▸ Data extract:
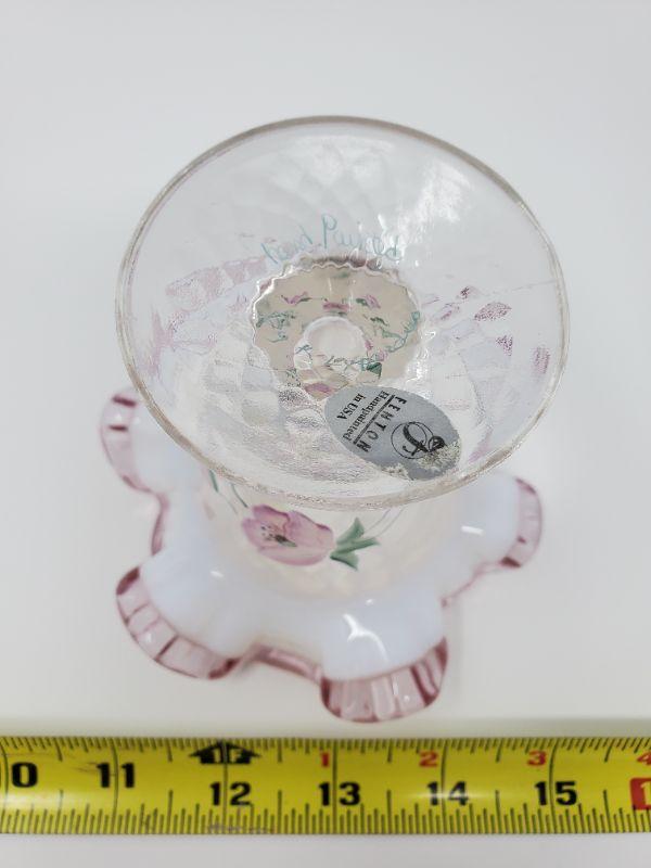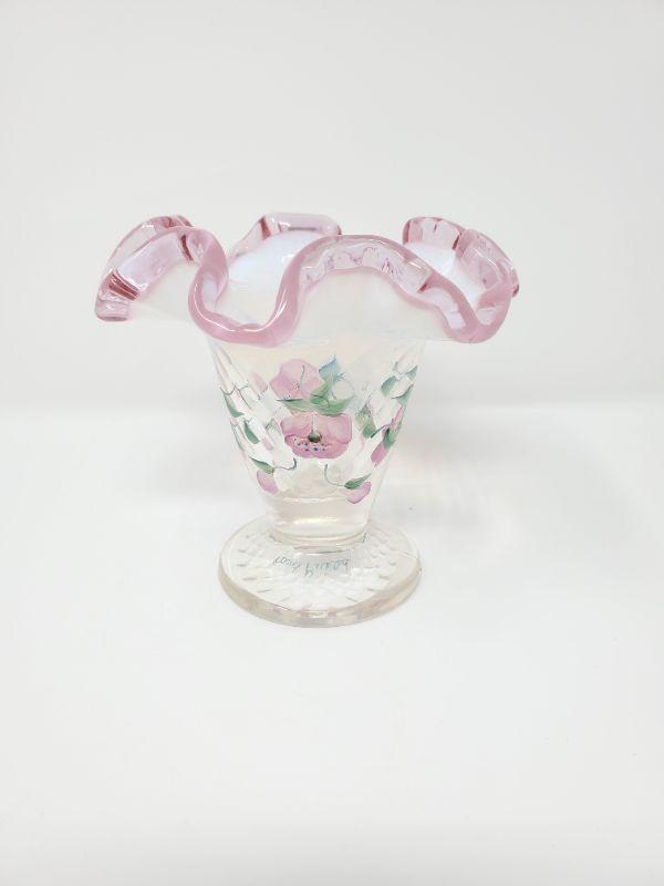 This Fenton vase is adorable and perfect for spring flowers! Hand painted, signed with Fenton sticker attached to bottom.
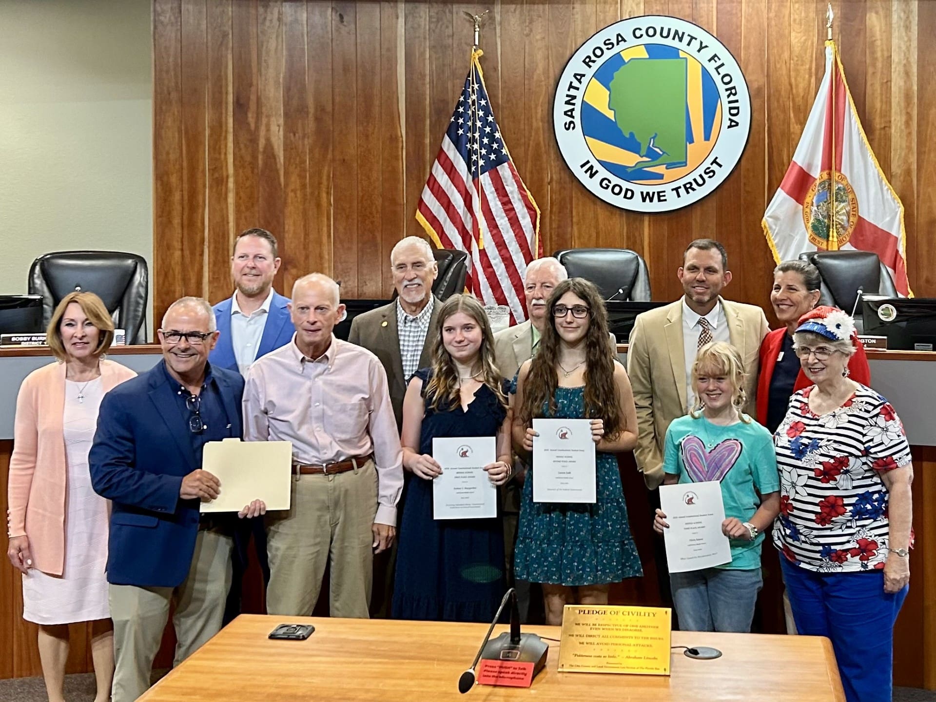 The Santa Rosa County Republican Club’s awarded their annual Constitution Essay Contest winners: Lucas Cannon 9th grade – $1,000 (not present), Sydney F. Maygarden 8th grade – $500, Lauren Kalb 8th g…
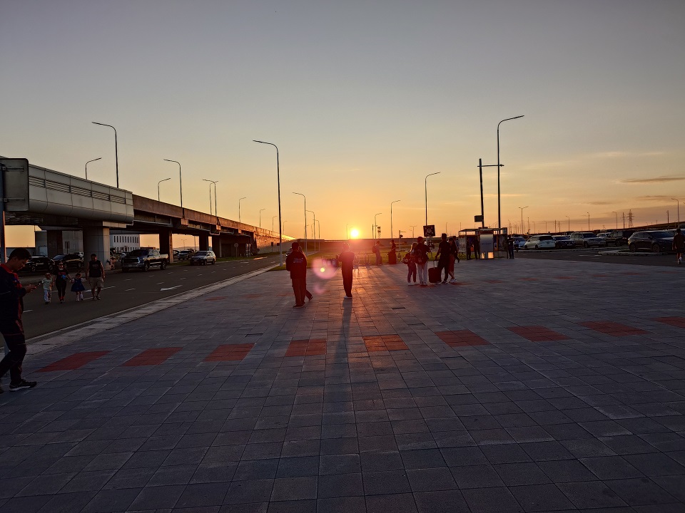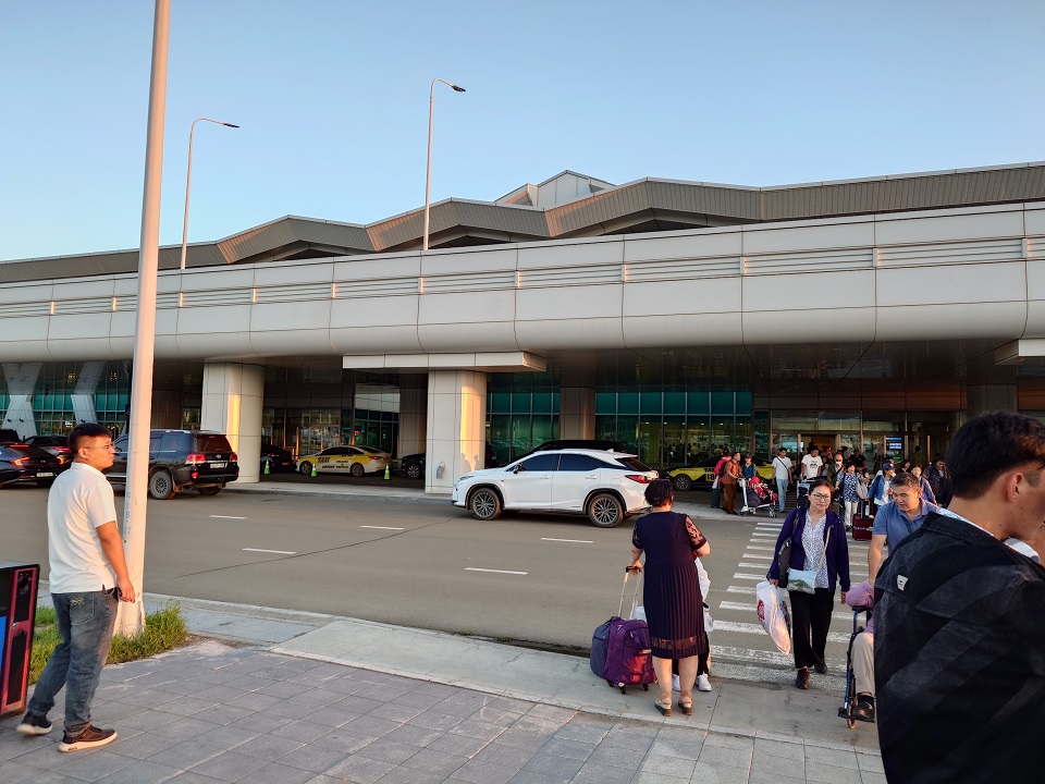 東京新国際空港(成田)発14:40、ウランバートル着19:15(現地時間、日本との時差は-1時間なので日本は20:15)。現在日本~モンゴルの定期的な直行便はモンゴル航空(MIAT)のこの1路線のみ(夏の観光シーズンのみ、関空からも出ているようである)。日本から見ると北回帰線に近い国なので、飛行機を降りて空港の外に出た20:00頃でまだこの明るさである。
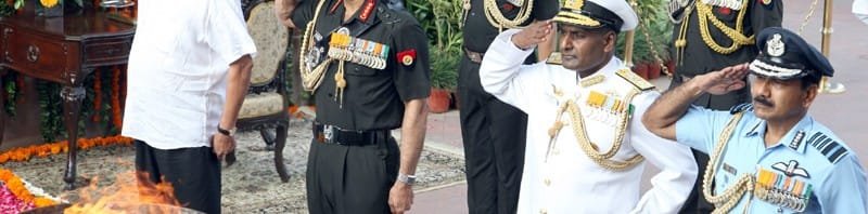 The Union Minister for Defence, Shri Manohar Parrikar accompanied by the Chief of Army Staff, General Dalbir Singh, the Chief of the Air Staff, Air Chief Marshal Arup Raha and the VCNS Vice Admiral P. Murugesan laid wreath, at Amar Jawan Jyoti, on the occasion of Kargil Vijay Diwas, in New Delhi on July 26, 2015.

▸ Exercise requirements:
Would you print the material exactly once more, without any of its pictures?

▸ Exercise output:
 This Fenton vase is adorable and perfect for spring flowers! Hand painted, signed with Fenton sticker attached to bottom.
 The Santa Rosa County Republican Club’s awarded their annual Constitution Essay Contest winners: Lucas Cannon 9th grade – $1,000 (not present), Sydney F. Maygarden 8th grade – $500, Lauren Kalb 8th g…
 東京新国際空港(成田)発14:40、ウランバートル着19:15(現地時間、日本との時差は-1時間なので日本は20:15)。現在日本~モンゴルの定期的な直行便はモンゴル航空(MIAT)のこの1路線のみ(夏の観光シーズンのみ、関空からも出ているようである)。日本から見ると北回帰線に近い国なので、飛行機を降りて空港の外に出た20:00頃でまだこの明るさである。
 The Union Minister for Defence, Shri Manohar Parrikar accompanied by the Chief of Army Staff, General Dalbir Singh, the Chief of the Air Staff, Air Chief Marshal Arup Raha and the VCNS Vice Admiral P. Murugesan laid wreath, at Amar Jawan Jyoti, on the occasion of Kargil Vijay Diwas, in New Delhi on July 26, 2015.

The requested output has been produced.